(Task to complete) Omit the pictures and return exactly the stretch of the material below from the line with "Latest M Pak" through the line with "A retro-inspired Pop".

(Recorded information)
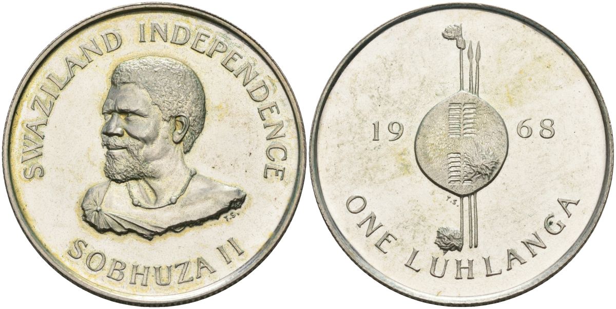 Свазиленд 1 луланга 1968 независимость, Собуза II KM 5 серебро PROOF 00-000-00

...

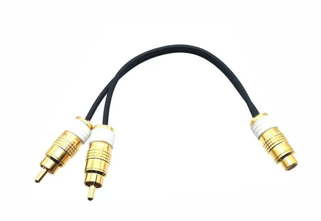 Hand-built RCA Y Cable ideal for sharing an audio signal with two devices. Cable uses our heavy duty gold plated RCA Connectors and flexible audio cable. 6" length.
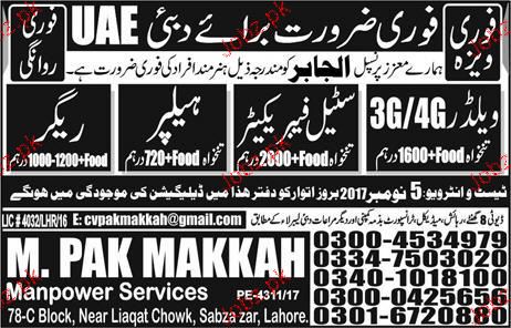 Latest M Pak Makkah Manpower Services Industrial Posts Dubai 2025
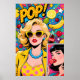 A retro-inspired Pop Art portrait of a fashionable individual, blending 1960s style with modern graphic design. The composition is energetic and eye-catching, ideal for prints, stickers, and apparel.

* * *

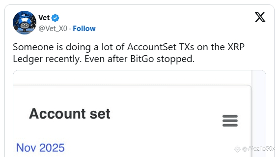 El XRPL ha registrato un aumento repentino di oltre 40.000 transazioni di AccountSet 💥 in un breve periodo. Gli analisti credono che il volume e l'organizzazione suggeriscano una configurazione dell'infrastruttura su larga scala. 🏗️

(Reply)
 Latest M Pak Makkah Manpower Services Industrial Posts Dubai 2025
 A retro-inspired Pop Art portrait of a fashionable individual, blending 1960s style with modern graphic design. The composition is energetic and eye-catching, ideal for prints, stickers, and apparel.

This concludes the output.